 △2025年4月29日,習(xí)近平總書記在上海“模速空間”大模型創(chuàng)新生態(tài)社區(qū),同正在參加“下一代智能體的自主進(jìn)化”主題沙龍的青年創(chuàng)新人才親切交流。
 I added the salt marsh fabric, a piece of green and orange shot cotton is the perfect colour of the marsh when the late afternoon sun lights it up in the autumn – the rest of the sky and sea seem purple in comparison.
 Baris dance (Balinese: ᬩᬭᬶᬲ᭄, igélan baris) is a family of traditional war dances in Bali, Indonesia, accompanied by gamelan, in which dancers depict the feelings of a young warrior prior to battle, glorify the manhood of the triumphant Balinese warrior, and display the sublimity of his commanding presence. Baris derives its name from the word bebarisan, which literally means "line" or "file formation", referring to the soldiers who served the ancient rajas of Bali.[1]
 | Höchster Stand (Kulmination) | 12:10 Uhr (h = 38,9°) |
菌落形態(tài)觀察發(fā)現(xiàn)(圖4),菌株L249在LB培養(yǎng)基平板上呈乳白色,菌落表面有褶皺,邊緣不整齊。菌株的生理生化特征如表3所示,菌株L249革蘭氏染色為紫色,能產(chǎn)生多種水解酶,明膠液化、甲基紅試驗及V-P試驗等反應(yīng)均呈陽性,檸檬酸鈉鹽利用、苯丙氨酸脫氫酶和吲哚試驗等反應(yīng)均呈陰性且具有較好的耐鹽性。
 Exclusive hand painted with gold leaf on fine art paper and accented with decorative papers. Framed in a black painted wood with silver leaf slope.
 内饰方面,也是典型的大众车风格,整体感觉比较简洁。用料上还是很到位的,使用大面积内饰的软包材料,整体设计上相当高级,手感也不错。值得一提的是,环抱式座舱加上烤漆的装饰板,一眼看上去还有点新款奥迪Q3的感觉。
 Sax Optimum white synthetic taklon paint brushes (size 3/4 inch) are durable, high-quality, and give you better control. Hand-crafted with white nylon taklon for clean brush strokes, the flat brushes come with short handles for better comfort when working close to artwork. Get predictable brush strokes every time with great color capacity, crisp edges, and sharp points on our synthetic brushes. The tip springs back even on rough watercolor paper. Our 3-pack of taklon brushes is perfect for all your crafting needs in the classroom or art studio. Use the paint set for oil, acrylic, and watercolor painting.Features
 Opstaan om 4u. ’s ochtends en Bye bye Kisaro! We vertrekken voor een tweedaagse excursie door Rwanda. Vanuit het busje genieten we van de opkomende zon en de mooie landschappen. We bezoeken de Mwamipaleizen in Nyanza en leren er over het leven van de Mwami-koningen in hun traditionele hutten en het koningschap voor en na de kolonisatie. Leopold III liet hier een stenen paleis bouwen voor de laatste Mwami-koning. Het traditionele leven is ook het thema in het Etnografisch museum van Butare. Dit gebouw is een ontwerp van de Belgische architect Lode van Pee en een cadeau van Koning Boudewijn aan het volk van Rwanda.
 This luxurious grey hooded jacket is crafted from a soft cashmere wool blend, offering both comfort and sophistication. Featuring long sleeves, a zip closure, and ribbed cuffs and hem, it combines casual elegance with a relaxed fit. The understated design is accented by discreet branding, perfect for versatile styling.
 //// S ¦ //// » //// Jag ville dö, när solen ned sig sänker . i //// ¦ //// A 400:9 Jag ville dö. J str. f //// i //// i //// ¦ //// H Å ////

#### Activity:
Write the entries out once more, exactly as they were given.

#### Answer space:
 △2025年4月29日,習(xí)近平總書記在上海“模速空間”大模型創(chuàng)新生態(tài)社區(qū),同正在參加“下一代智能體的自主進(jìn)化”主題沙龍的青年創(chuàng)新人才親切交流。
 I added the salt marsh fabric, a piece of green and orange shot cotton is the perfect colour of the marsh when the late afternoon sun lights it up in the autumn – the rest of the sky and sea seem purple in comparison.
 Baris dance (Balinese: ᬩᬭᬶᬲ᭄, igélan baris) is a family of traditional war dances in Bali, Indonesia, accompanied by gamelan, in which dancers depict the feelings of a young warrior prior to battle, glorify the manhood of the triumphant Balinese warrior, and display the sublimity of his commanding presence. Baris derives its name from the word bebarisan, which literally means "line" or "file formation", referring to the soldiers who served the ancient rajas of Bali.[1]
 | Höchster Stand (Kulmination) | 12:10 Uhr (h = 38,9°) |
菌落形態(tài)觀察發(fā)現(xiàn)(圖4),菌株L249在LB培養(yǎng)基平板上呈乳白色,菌落表面有褶皺,邊緣不整齊。菌株的生理生化特征如表3所示,菌株L249革蘭氏染色為紫色,能產(chǎn)生多種水解酶,明膠液化、甲基紅試驗及V-P試驗等反應(yīng)均呈陽性,檸檬酸鈉鹽利用、苯丙氨酸脫氫酶和吲哚試驗等反應(yīng)均呈陰性且具有較好的耐鹽性。
 Exclusive hand painted with gold leaf on fine art paper and accented with decorative papers. Framed in a black painted wood with silver leaf slope.
 内饰方面,也是典型的大众车风格,整体感觉比较简洁。用料上还是很到位的,使用大面积内饰的软包材料,整体设计上相当高级,手感也不错。值得一提的是,环抱式座舱加上烤漆的装饰板,一眼看上去还有点新款奥迪Q3的感觉。
 Sax Optimum white synthetic taklon paint brushes (size 3/4 inch) are durable, high-quality, and give you better control. Hand-crafted with white nylon taklon for clean brush strokes, the flat brushes come with short handles for better comfort when working close to artwork. Get predictable brush strokes every time with great color capacity, crisp edges, and sharp points on our synthetic brushes. The tip springs back even on rough watercolor paper. Our 3-pack of taklon brushes is perfect for all your crafting needs in the classroom or art studio. Use the paint set for oil, acrylic, and watercolor painting.Features
 Opstaan om 4u. ’s ochtends en Bye bye Kisaro! We vertrekken voor een tweedaagse excursie door Rwanda. Vanuit het busje genieten we van de opkomende zon en de mooie landschappen. We bezoeken de Mwamipaleizen in Nyanza en leren er over het leven van de Mwami-koningen in hun traditionele hutten en het koningschap voor en na de kolonisatie. Leopold III liet hier een stenen paleis bouwen voor de laatste Mwami-koning. Het traditionele leven is ook het thema in het Etnografisch museum van Butare. Dit gebouw is een ontwerp van de Belgische architect Lode van Pee en een cadeau van Koning Boudewijn aan het volk van Rwanda.
 This luxurious grey hooded jacket is crafted from a soft cashmere wool blend, offering both comfort and sophistication. Featuring long sleeves, a zip closure, and ribbed cuffs and hem, it combines casual elegance with a relaxed fit. The understated design is accented by discreet branding, perfect for versatile styling.
 //// S ¦ //// » //// Jag ville dö, när solen ned sig sänker . i //// ¦ //// A 400:9 Jag ville dö. J str. f //// i //// i //// ¦ //// H Å ////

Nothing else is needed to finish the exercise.